Running is a great workout, but in can and will impact ones knees at some point or another and since it is the force of your body weight on the joints that causes the stress, I is the same whether you’re on a treadmill or pavement. The best way to honestly reduce impact is to vary your workouts such as walk one day, run another, use a bike or if you belong to a gym you have a variety of choices.
Myth #2: Doing crunches or working out on a ab machine will reduce belly fat.
Do not believe everything you read on those infomercials! Although I do believe they do serve a purpose of strengthen the muscles around your midsection and improve your posture your overall belly fat has all to do with your percentage of body fat in other words loose the fat then you will see the muscle.
Myth #3: An aerobic workout will boost your metabolism for hours after you stop working out.
This is actually true but the calorie burn is not as much as we would all love to think! Experts agree that although while your metabolism will continue to burn at a slightly higher rate after you stop the amount is not statistically significant. In fact, it allows you to burn only about maybe 30 extra calories for the day. Even with strength training it’s marginal.
Myth #4: Swimming is a great weight loss activity.
I would agree that swimming is wonderful for increasing lung capacity, toning muscles and even to burn access tension but unless you swim for hours a day it will not help you to lose much weight. This has to with buoyancy, the water is supporting your weight and you do not work out as hard. I often hear from many experts that swimming is that exercise that works the entire body. Truthfully, it really depends on how one approaches the sport itself.

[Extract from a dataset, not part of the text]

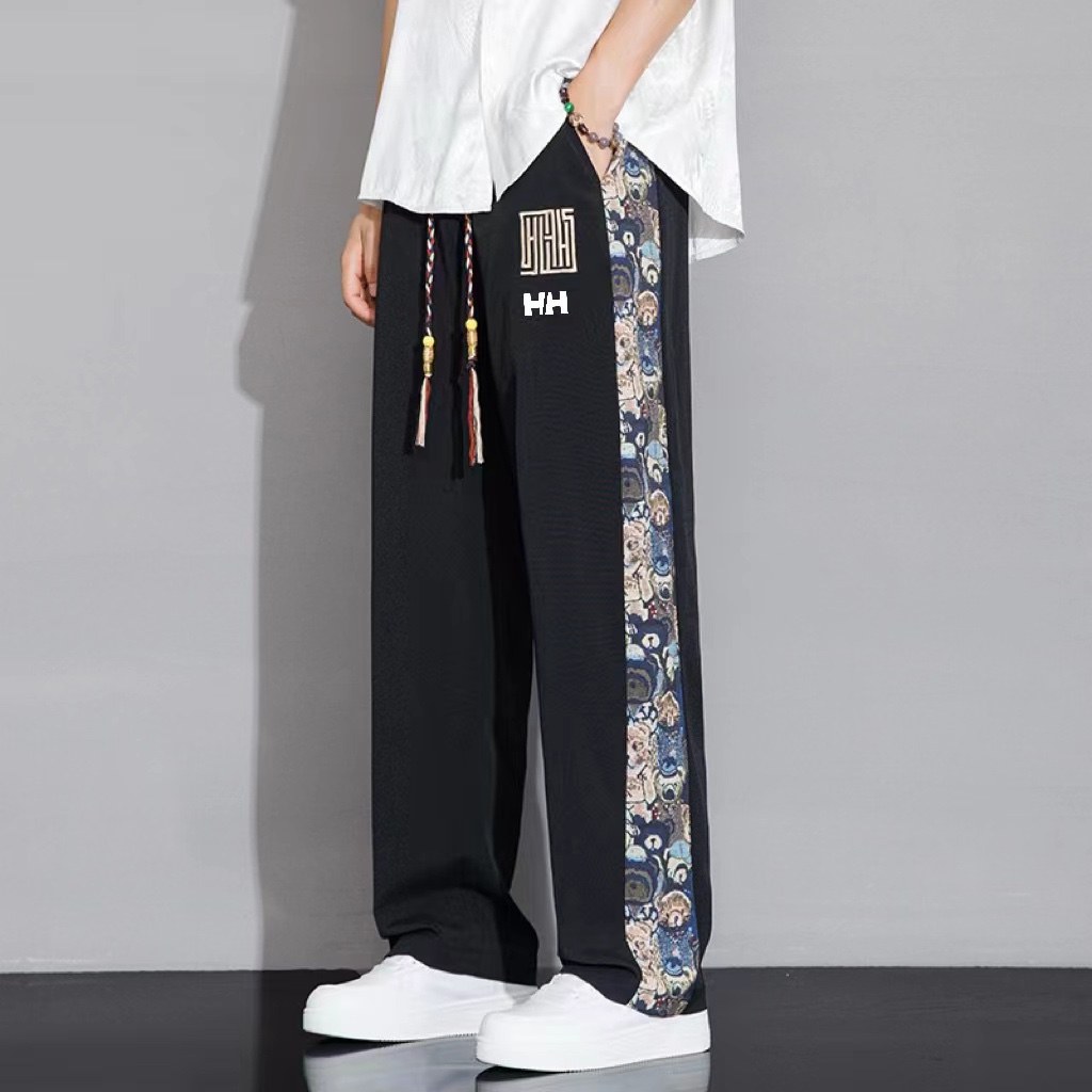 海丽汉森HH国风刺绣休闲裤韩版潮流拼接帅气 423469

It is possible to swim on your back without exerting much energy at all however if you are swimming laps using a stroke such as the front crawl or the breaststroke you will use the muscles of your legs, shoulders, buttocks and more. If you are swimming a fast pace, like racing others you will experience more cardiovascular benefit your heart will work harder and faster in order to produce more energy. Therefore, your lungs will also strengthen as you breathe more and more intensely. I will say that swimming is a wonderful substitute if one has knee injuries and could serve as a safer choice for your body for daily exercise. Most important, if your goal is to bulk up for more muscles or additionally strengthen your bones “I” believe strongly that only weight barring exercises similar to weight training is your answer.
Myth #5: If you don’t sweat during your workout you’re not benefiting.
Sweating is not necessarily a measure of how hard you are working out but rather your body’s way of cooling itself. It is possible to burn a significant number of calories without breaking a sweat and there are some individuals that do not sweat. Everyone has a different sweating pattern. gender, age, fitness level, environment and weather are all factors. Women tend to sweat less than men. If you exercise in an air-conditioned room that can change your body temperature, it does not mean your body burns more or less, sweating is not a measure but length of time within your workouts is. In other words, exercise produces heat, heat produces calorie expenditure, and you produce the same amount of heat whether exercising in a cold environment or hot.